Parallel.For(0, streams.Length, i =>
{
var local = streams[i];
// sample-heavy work here
});CreateStreams handles the mixing for you. Streams are derived from the base seed
plus a stream identity called the stream address, then expanded into full generator state
using a robust initializer. The practical result is that stream 0 and stream 1
are not “neighbors” in a sequence. They start in statistically isolated territories
without you having to design a scheme.
Advanced: stream trees and jump-based partitions
If you need nested parallelism, hierarchical stream derivation, or explicit control over stream identity, use the advanced stream APIs.
RandomStreamTree<TRandom>: mixing-based derivation of statistically independent streams.RandomStreamPartition<TRandom>: partitioning of a random stream by jumping ahead over long distances with mathematically guaranteed independence.

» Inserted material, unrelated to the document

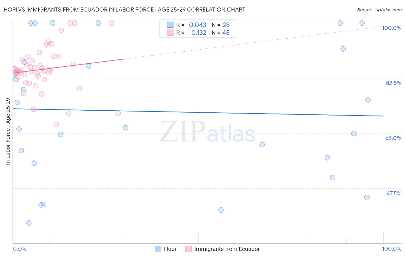 Hopi vs Immigrants from Ecuador In Labor Force | Age 25-29 Correlation Chart

**Warning about arbitrary jumps: ** do not treat “jump ahead” as a general-purpose way to manufacture independent streams. Arbitrary skip distances are easy to get wrong and hard to reason about. If you use jump-based methods, use the library’s partitioning abstractions or the generator’s defined jump stride capability, not a self-invented skip schedule.
Counter-based RNGs: seekable randomness
Counter-based RNGs (CBRNGs) like Philox are designed so you can move around in counter space without iterating. For some workloads, that is the difference between “parallelism is annoying” and “parallelism is deterministic”.
What this enables
- Give each worker a non-overlapping region of a conceptual stream by mapping work to counter coordinates.
- Seek deterministically to a later region of the stream without burning cycles stepping a stateful generator.
Mental model:
| Operation | Traditional stateful RNG | Counter-based RNG |
|---|---|---|
| Next value | mutate state | evaluate (counter, key) -> block |
| Skip far ahead | loop many times | advance counter (block units) |
Example:
using Numerics.NET.Random;
var rng = new Philox4x64(42); // Philox variant assumed; seed type may differ
// Deterministically jump in block space
rng.AdvanceBlock(1_000_000);
ulong x = rng.NextUInt64();The key point is that seeking is defined by the algorithm’s counter and key model, not by choosing arbitrary jump distances.
Interop: treat System.Random as an exchange format, then unwrap
Interop should happen at the boundary, not in hot loops.
Use Numerics.NET RNG as System.Random
using Numerics.NET.Random;
System.Random sys = new Pcg64(42).AsRandom();Use System.Random as a random source
using Numerics.NET;
IRandomSource rng = sys.AsRandomSource();Optional fast path: recover original Numerics.NET RNG type
When System.Random is actually a wrapper around a Numerics.NET RNG, unwrapping lets you bypass the adapter and return to the native path without reseeding or losing state.
using Numerics.NET.Random;
public void Process(System.Random sys)
{
if (sys.TryUnwrap<Pcg64>(out var pcg))
{
RunFast(pcg);
return;
}
RunGeneral(sys.AsRandomSource());
}Note: TryUnwrap<T> is not expected to be common in application code. It is most useful in library code that wants to preserve fast paths.
Note on threading
Numerics.NET RNG instances are optimized for single-thread throughput. For parallel code:
- use one instance per worker,
- prefer stream creation (
CreateStreamsor advanced stream APIs) over ad-hoc seeding, - avoid shared RNG instances and synchronization in hot paths.
RandomSources.Shared
is appropriate for thread-safe convenience randomness when reproducibility is not required.
Performance checklist
- Prefer concrete RNG types (or
ref-based constrained generics over Layer 2 generators). - Prefer bulk sampling APIs (distributions sampling into spans/arrays) over per-sample calls.
- In hot loops, run on concrete RNG types or constrained generics so the JIT can monomorphize and inline.
- For custom kernels, accept generator structs by
refand never pass generator state by value. - Avoid per-sample interface dispatch in inner loops; adapt once at the boundary.
- For parallel work, use the built-in deterministic stream creation, not
seed + i. - Use jump-based methods only through defined mechanisms; avoid arbitrary skip schedules.
- Use
System.Randominterop only at boundaries; unwrap only when it is genuinely beneficial.